Stanford Art Spaces brings art to the engineering quad

April 10, 2014, 11:58 p.m.
Courtesy of DeWitt Cheng.
Courtesy of DeWitt Cheng.

In an effort to bridge the cultural divide between techies and fuzzies, Stanford Art Spaces (SAS) regularly mounts two-month exhibitions of contemporary art that are primarily situated in science and engineering buildings. The current show, which runs through April 26, features abstract paintings by Michael Fram of Oakland and Timothy Stroth of San Francisco, in a set of offerings that tweaks the familiar in distinctive ways.

Fram’s “decorative ornamental compositions” range from pure abstractions with floating shapes and planes—some of them executed in brilliant Fauve color—to warm-toned fields dotted with recognizable imagery (starbursts, squiggles, birds, lightning bolts, comic-style figures) that are cheerfully carnivalesque in tone. His whimsical sense of humor comes across in some of his titles (“Cow Abstraction,” “Fun Color Composition,” “Smiling Composition” and a “Bric-a-Brac” series) as well as in his images.

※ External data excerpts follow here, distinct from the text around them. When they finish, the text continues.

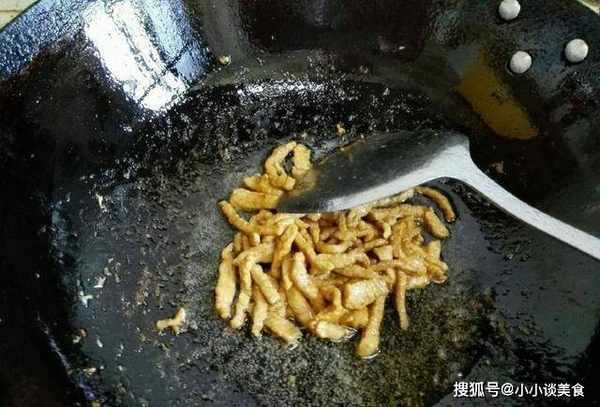 還有一種方法,就是先把肉絲炸一下。很多人在飯店做菜的時候都是用這種方法,就是先把切好的豬肉沾上淀粉,然後再炒。不會粘鍋,炒手撕肉的時候可以用這個方法。
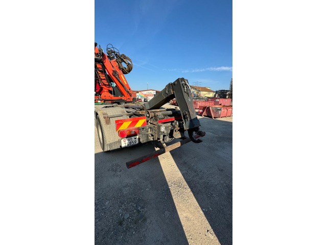 Zubehör: Kran, Hydraulik (Nebenantrieb) , Anhängerkupplung, Differentialsperre, Traktionskontrolle, Nebellampen, Fahrtenschreiber, Radio / CD, Standheizung, Klima, Multifunktionsanzeige, Zentralverriegelung, El. Fensterheber
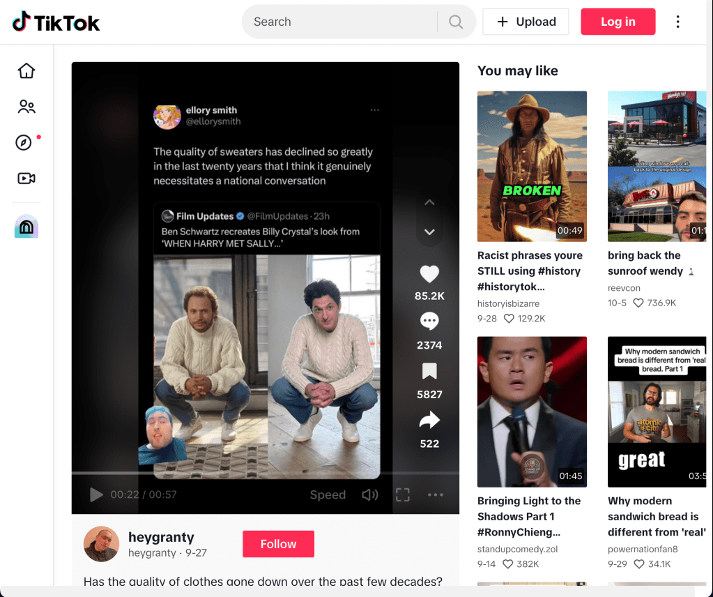 At first glance, the tweet to the right just seems like a harmless recreation of Billy Crystal’s promo photoshoot for When Harry Met Sally. However, as user @ellorysmith states, the comparison of clothing is striking. The photo of the tweet was brought to my attention by TikTok user @heygranty, who also talks about planned opalescence. The process of creating items that are meant to break easily or go out of style in the next few years, for companies to maximize production and profit. As he ended his video asking viewers if they believe the quality of clothing has declined, it struck me that he was right. We live in an age when synthetic fabrics and fibers fill our malls, all while prices skyrocket. While planned obsolescence typically applies to technology over clothing, what differentiates vintage clothing quality from present-day fast fashion?
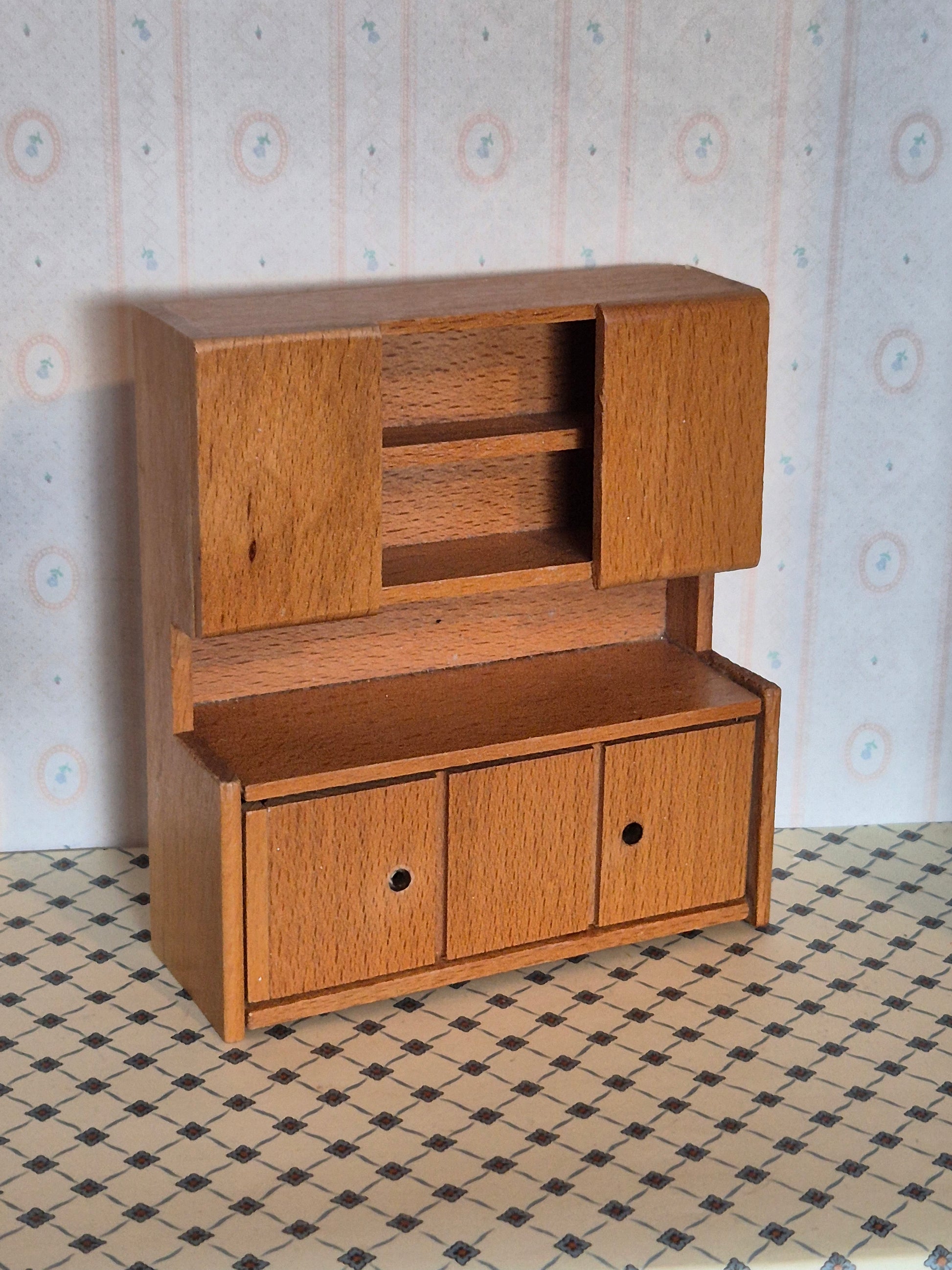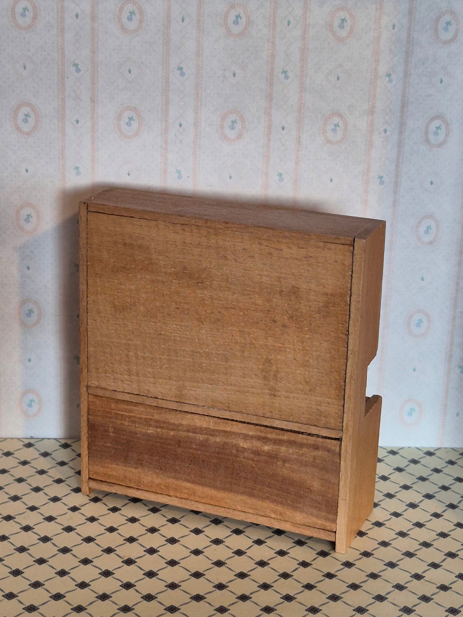 Vintage skab str 1:18 af træ. Der er patina, skrammer og lignende brugsspor.
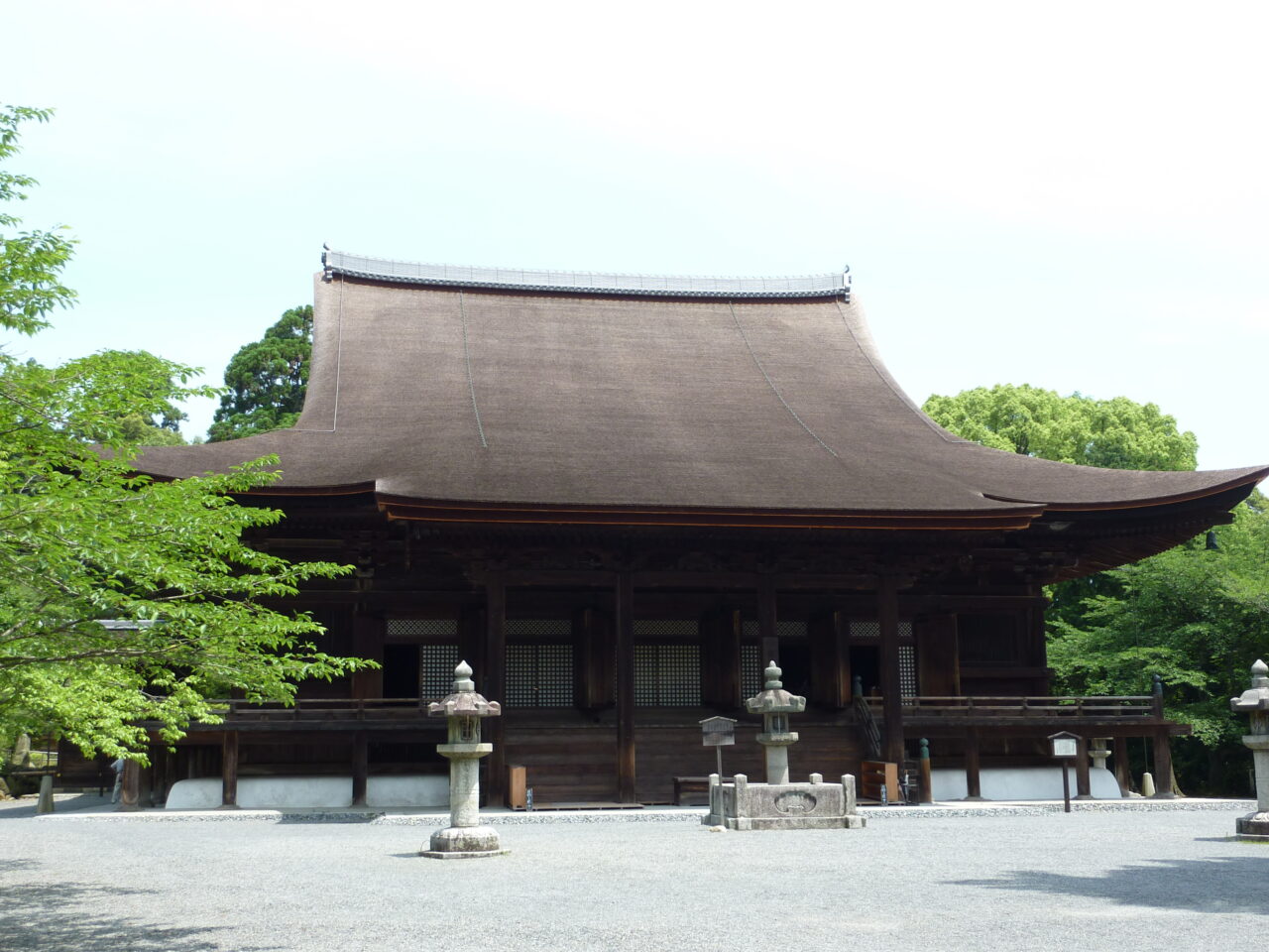 広大な境内で、ひときわ威容を誇るのが三井寺の本堂・金堂。1599年に豊臣秀吉の正室北政所により再建された。伝統的な天台系密教仏堂の様式を伝える桃山時代の名建築として知られている。

Stroth enlivens his hard-edged geometric abstractions with striking color combinations that contrast warm and cool colors to create a push-pull optical space, a kind of counterpane/quilt landscape for the roaming eye. His early checkerboard-format paintings took their grid-composition inspiration from carpets. Later works employ horizontal rectangles laid in courses like bricks, each containing an inset done in a contrasting color, suggesting framed pictures. In some works, these flat shapes are warped, suggesting billowing fabric; in others, the frames spiral outward from the center of the canvas, their undulant forms suggesting 1960s psychedelia.

SAS has been sponsored by the Center for Integrated Systems, which is based in the Allen Engineering building, since 1985, when it was initiated by then-Professor of Electrical Engineering John Linvill. Current curator Priscilla Hexter said that she simply happened to be “in the right place at the right time” when she became the third SAS curator in November 2013.

The program is unusual, offering the programming freedom of a commercial gallery with the community-building potential of a nonprofit—and, given the yellow-windowed, 10,500-square-foot nanotech clean room— populated by bunny-suited technicians— at its core, it is not exactly the white-cube gallery stereotype. Exhibits— held in the Allen Building, the adjacent Packard Electrical Engineering Building and other venues around campus— are free and open to the general public during weekday business hours.